With all of the recent headlines about the massive natural gas shale plays in the Appalachian Basin, across Texas, Louisiana and British Columbia, some may have forgotten about the Rocky Mountains. However, by at least one estimate, there are seven multi-Tcf plays — and maybe more — trapped inside those big rocks waiting for discovery, said Wood Mackenzie researchers.

The report, “Seven Shale Gas Plays Emerge in the Rockies,” outlines plays in formations in six basins stretching across the Rockies that range in depths of 3,000 feet to 16,000 feet. The plays, said Wood Mackenzie, typically contain multiple pay zones and solid production potential.

“While the Rocky Mountains region has successfully produced from unconventional resource types (such as tight gas, coalbed methane and shale oil), shale gas plays have largely been untapped,” said Wood Mackenzie researcher Connie Lin. “Many of these plays are being tested for their commerciality Some of the other lays have been commingled with other reservoirs and produced for many years.”

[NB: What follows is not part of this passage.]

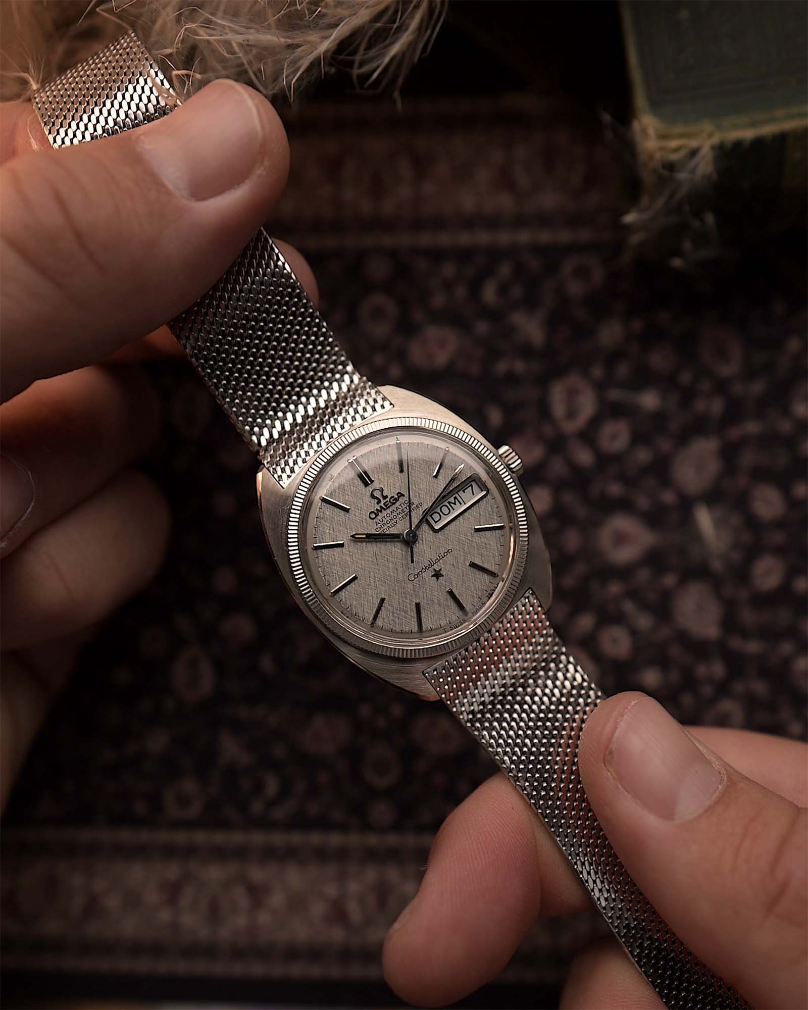 Omega Constellation 168.019 18k – Linen Dial, 1968 - A Rare White Gold Beauty with Milanese Bracelet Elegance

Included among those promising shales still to be tested for gas resource potential are the:

Most of the shales studied by the UK-based energy researcher already have some exploration wells, which have been drilled by various producers over the course of several decades. However, some of the shale plays, including the Lewis Shale, now are getting long looks not only because of higher prices but also because of new technologies that have improved field economics.

Wood Mackenzie researchers are intrigued by the possible reserves potential from all of the shales. However, based on information released by producers — and a lot of information still remains proprietary — Cane Creek in the Paradox Basin of Utah stands among the “highest performing play” based on initial well results.

The Cane Creek play, at depths of 5,000-9,500 feet, is 85-100 feet thick. According to data, initial drilling results have been estimated at 4,000-12,000 Mcf/d, and the estimated ultimate reserve (EUR) recovery rates are up to 6 Bcf. Well costs are in the $5.5 million range.

If Cane Creek’s EUR numbers stand, the shale’s output could be in the same league as the Barnett Shale of Texas, where average output is around 3.8 Bcf/d, noted Wood Mackenzie.

Meanwhile, the Baxter Shale in the Vermillion Basin also is high on the list of prospects. The basin may have some of the largest gas-in-place resources of any U.S. shale, according to Wood Mackenzie. Although it’s in early stage testing, the play is estimated to contain 440 Bcf/square mile. For now, development has been limited by the high well costs (up to $7 million each) and initial output rates of 1,000-2,500 Mcf/d, which are considered low.

Also on the radar screen of a growing number of prospectors is the Pierre Shale. Interest in this Rockies play was piqued after Pioneer Natural Resources Co. disclosed that its testing estimated that its holdings contained around 2 Tcf of recoverable gas. Now XTO Energy Corp. and El Paso Corp. also are testing wells in the play; results have not been publicly disclosed. And the potential of the Gothic and Cody shales remains a question mark pending more well tests, said Wood Mackenzie. Bill Barrett Corp., a leading stakeholder in the Gothic play, is encouraged, and said it expects to have some results on its initial wells by the end of the year.

“Based on the sheer number of shale gas plays being explored, there is significant resource potential in the Rockies,” said Lin. “While it is far too early to quantify the impact that these plays may have once they enter the development phase, it is clearly evident is that operates are ramping up drilling to explore these deeper resources. Should these companies success, the region could become a major producer of commercial shale gas in the Lower 48.”